On Mon, Aug 28, 2023 at 4:30 PM Melanie Plageman
<melanieplageman(at)gmail(dot)com> wrote:
> On Mon, Aug 28, 2023 at 12:26 PM Robert Haas <robertmhaas(at)gmail(dot)com> wrote:
> > In row D, your algorithms are all bad, really bad. I don't quite
> > understand how it can be that bad, actually.
>
> So, I realize now that this test was poorly designed. I meant it to be a
> worst case scenario, but I think one critical part was wrong. In this
> example one client is going at full speed inserting a row and then
> updating it. Then another rate-limited client is deleting old data
> periodically to keep the table at a constant size. I meant to bulk load
> the table with enough data that the delete job would have data to delete
> from the start. With the default autovacuum settings, over the course of
> 45 minutes, I usually saw around 40 autovacuums of the table. Due to the
> rate limiting, the first autovacuum of the table ends up freezing many
> pages that are deleted soon after. Thus the total number of page freezes
> is very high.
>
> I will redo benchmarking of workload D and start the table with the
> number of rows which the DELETE job seeks to maintain. My back of the
> envelope math says that this will mean ratios closer to a dozen (and not
> 5000).
...
> I'll rerun workload D in a more reasonable way and be back with results.

Hi,

I have edited and rerun all of the benchmarks for a subset of the
algorithms. I ran workloads A-I, except for G (G is not an interesting
workload), on Postgres master as well as Postgres with freeze heuristic
algorithms 4 and 5.

As a refresher, algorithms 4 and 5 are as follows:

Freeze tuples on a page opportunistically if the page would be totally
frozen and:

4. Buffer is already dirty and no FPI is required OR page LSN is older
than 33% of the LSNs since the last vacuum of the table.
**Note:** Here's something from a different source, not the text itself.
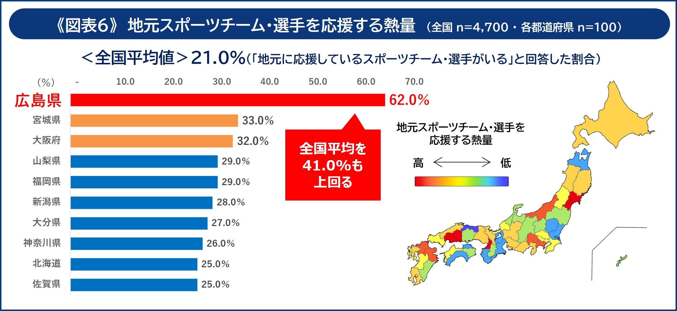 応援する地元のスポーツチームや選手の有無について聞いたところ、「広島県」は62.0%が「応援している地元チーム・選手がいる」と回答し、全国平均(21%)を大きく上回りました。また、続く「宮城県」(33.0%)に29ポイントの大差をつけています。「広島県」は、野球の「広島東洋カープ」、サッカーの「サンフレッチェ広島」など、サポーターの熱量が高いチームが多く、地元チームの盛り上がりが大きいことから、スポーツ観戦が好きな都道府県第2位、野球観戦率が高い都道府県第1位の結果につながったと考えられます《図6》。

5. Buffer is already dirty and no FPI is required AND page LSN is older
than 33% of the LSNs since the last vacuum of the table.

On master, the heuristic is to freeze a page opportunistically if it
would be totally frozen and if pruning emitted an FPI.
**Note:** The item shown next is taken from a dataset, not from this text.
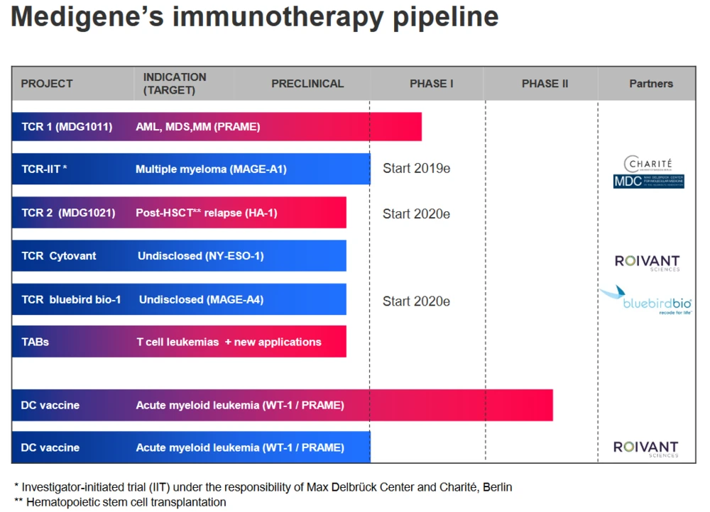 Bereits Anfang Mai gab es positive News zur Partnerschaft mit Bluebird Bio. Bluebird hat vielversprechende präklinische Daten zum ersten therapeutischen T-Zellrezeptor (TCR)-Kandidaten aus der Forschungs- und Entwicklungspartnerschaft mit Medigene präsentiert. Zudem gab das US-Unternehmen Pläne für den Beginn der klinischen Entwicklung mit diesem TCR Kandidaten im Jahr 2020 bekannt. Der TCR-Kandidat richtet sich gegen das Tumorantigen MAGE-A4, welches auf einer Vielzahl von soliden Tumorarten exprimiert wird, hieß es in einer Mitteilung von Medigene.

I made a few configuration changes for all benchmarks -- most notably
autovacuum is on for all workloads and autovacuum_naptime is decreased
to 10 seconds. The runtime of all time-based workloads was changed to 40
minutes. All workloads were run for a fixed duration except for the COPY
workload (workload F).

It is also worth noting that data loaded into the standard pgbench
tables (with pgbench -i) was loaded with COPY and not COPY FREEZE. Also,
pgbench -i and the pgbench runs were passed the --no-vacuum option.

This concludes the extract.